Whole genomic DNA was extracted using the QIAamp DNA Mini Kit (QIAGEN), following the manufacturers’ protocols. We amplified a fragment of 456–465 bp of the mitochondrial control region (CR) using the primers developed by Derouiche et al. (2016): CRF: 5’-CATCAACACCCAAAGTTG-3’and Erinaceinae CRR: 5’-TGAAGAAAGAACCAGATG-3’. The amplification conditions consisted of an initial denaturation phase at 94 °C for 3 min, followed by 40 cycles each of denaturation at 94 °C for 40 s, hybridization at 53 °C for 40 s and elongation at 72 °C for 60 s; then a final elongation phase ran at 72 °C for 5 min. The quality and size of the PCR products were then verified by electrophoresis on 1% agarose and ethidium bromide-supplemented gel. The double-stranded PCR products were sent for purification and Sanger sequencing at EUROFINS. All newly determined sequences were submitted to GenBank (accession numbers OL692499–OL692624).

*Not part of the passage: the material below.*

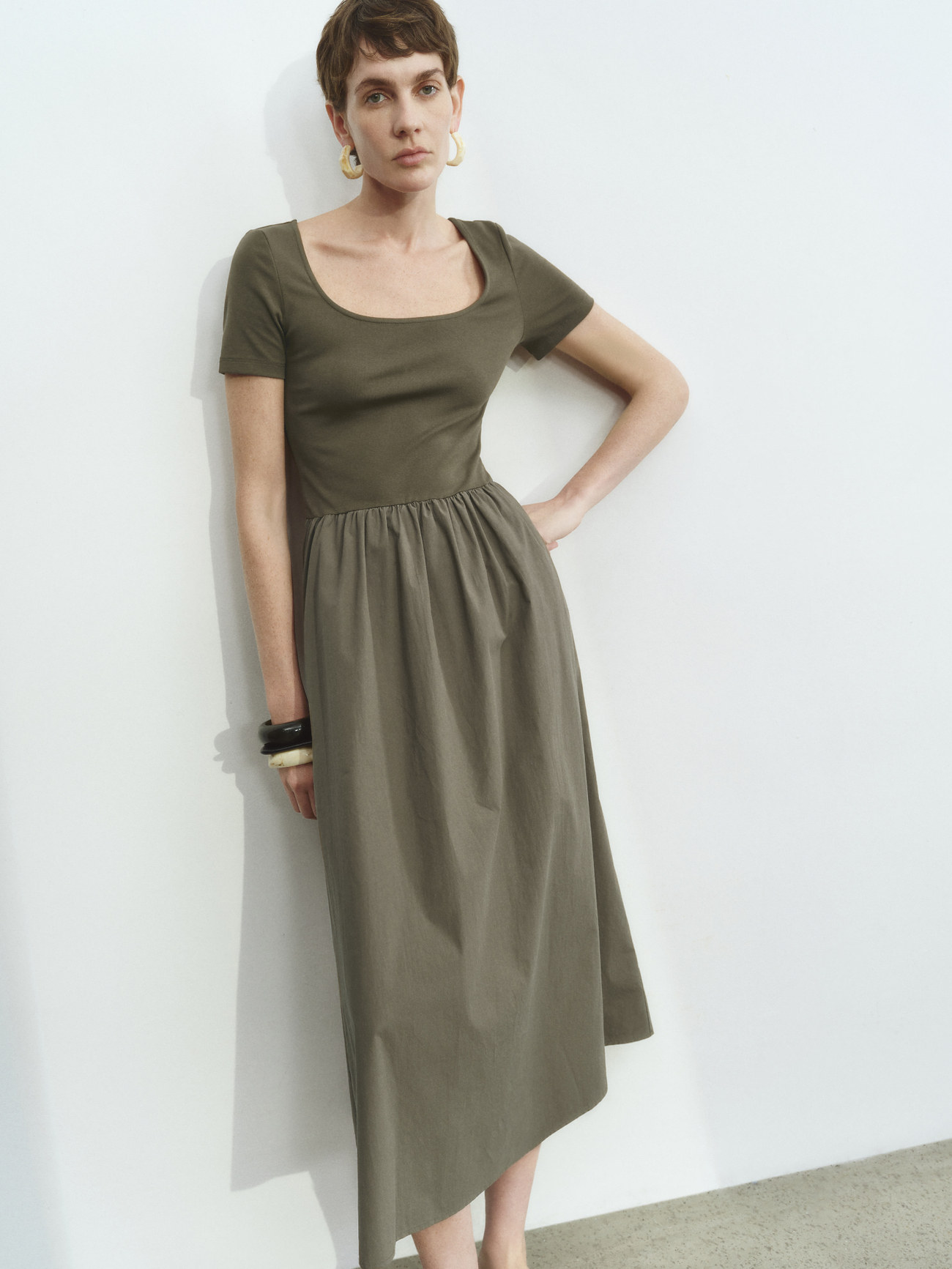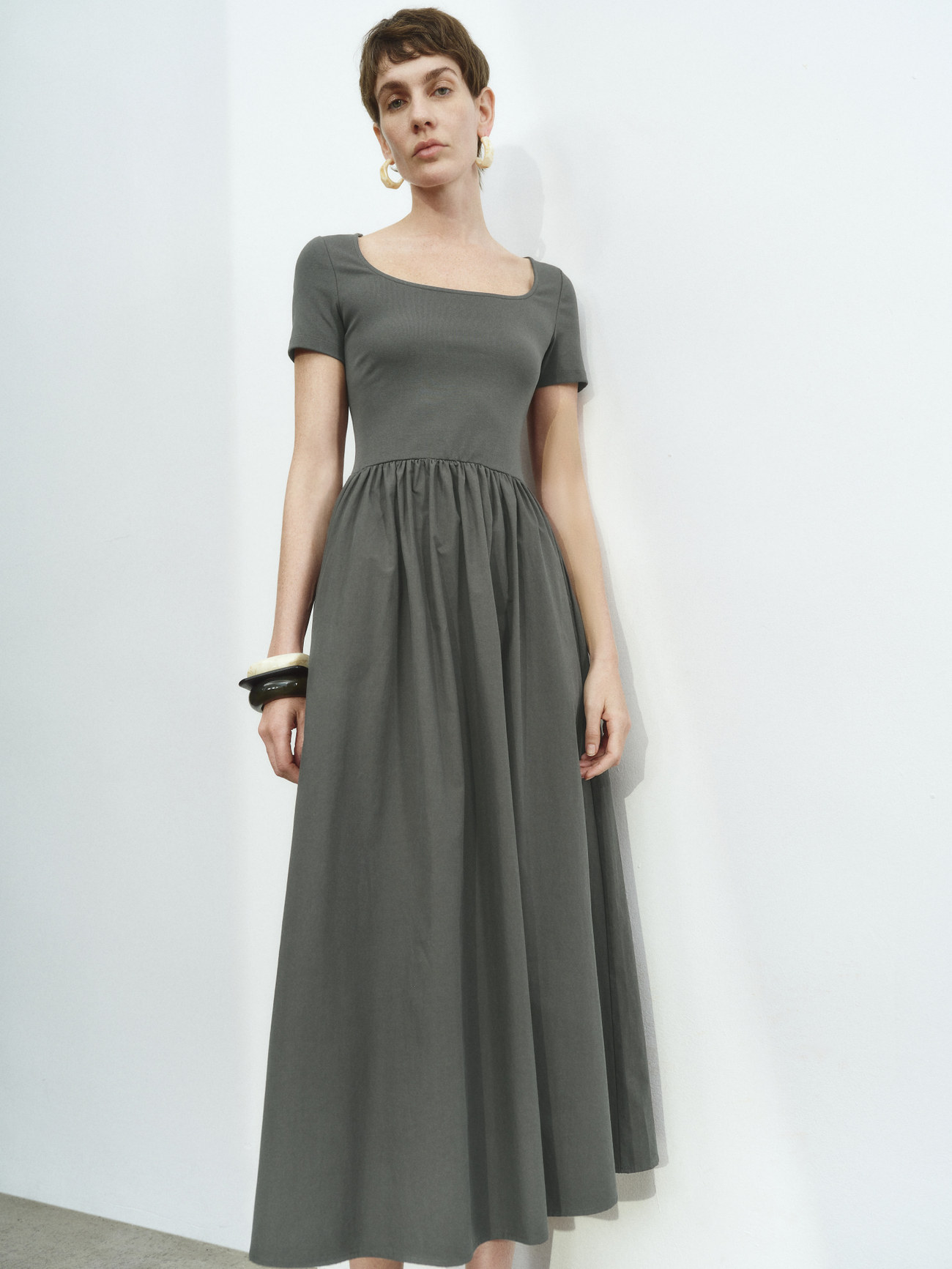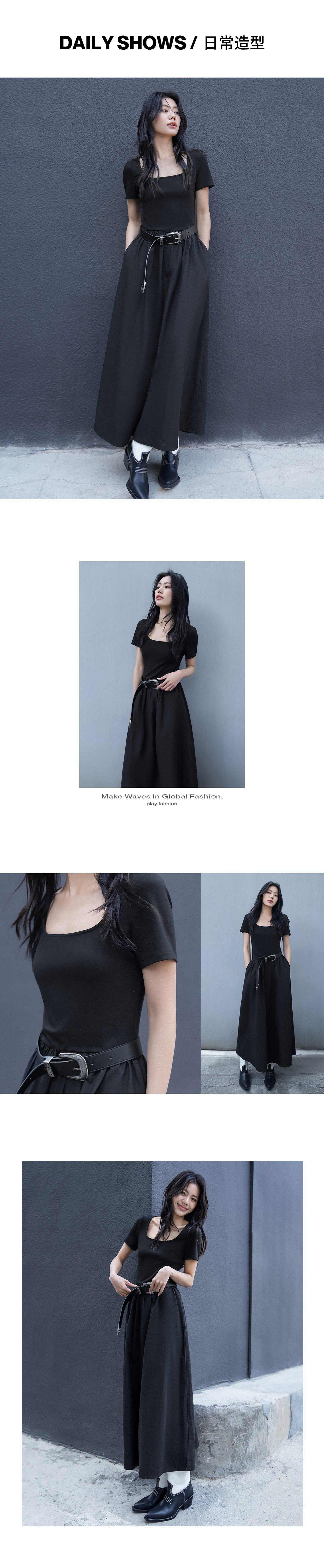 UR2026春季新款女装休闲简约拼接修身短袖连衣裙UWM750025

Chromatograms were checked and sequences manually corrected in CodonCode Aligner 8.0.2. In our phylogenetic analyses, we included all the newly sequenced specimens and all specimens of Atelerix and Paraechinus available in the GenBank database for which the control region was sequenced. We also added several references sequences for the hedgehog species Erinaceus europaeus, E. roumanicus and E. concolor. Sequences were aligned with ClustalW implemented in Geneious 4.6.4., and the alignment was corrected by eyes. The final alignment comprised 283 sequences (see supplementary file 1 for specimens list, and see supplementary file 2 for sequence alignment). Sequences of 423 bp were retained for the final analyses as they were available for most specimens.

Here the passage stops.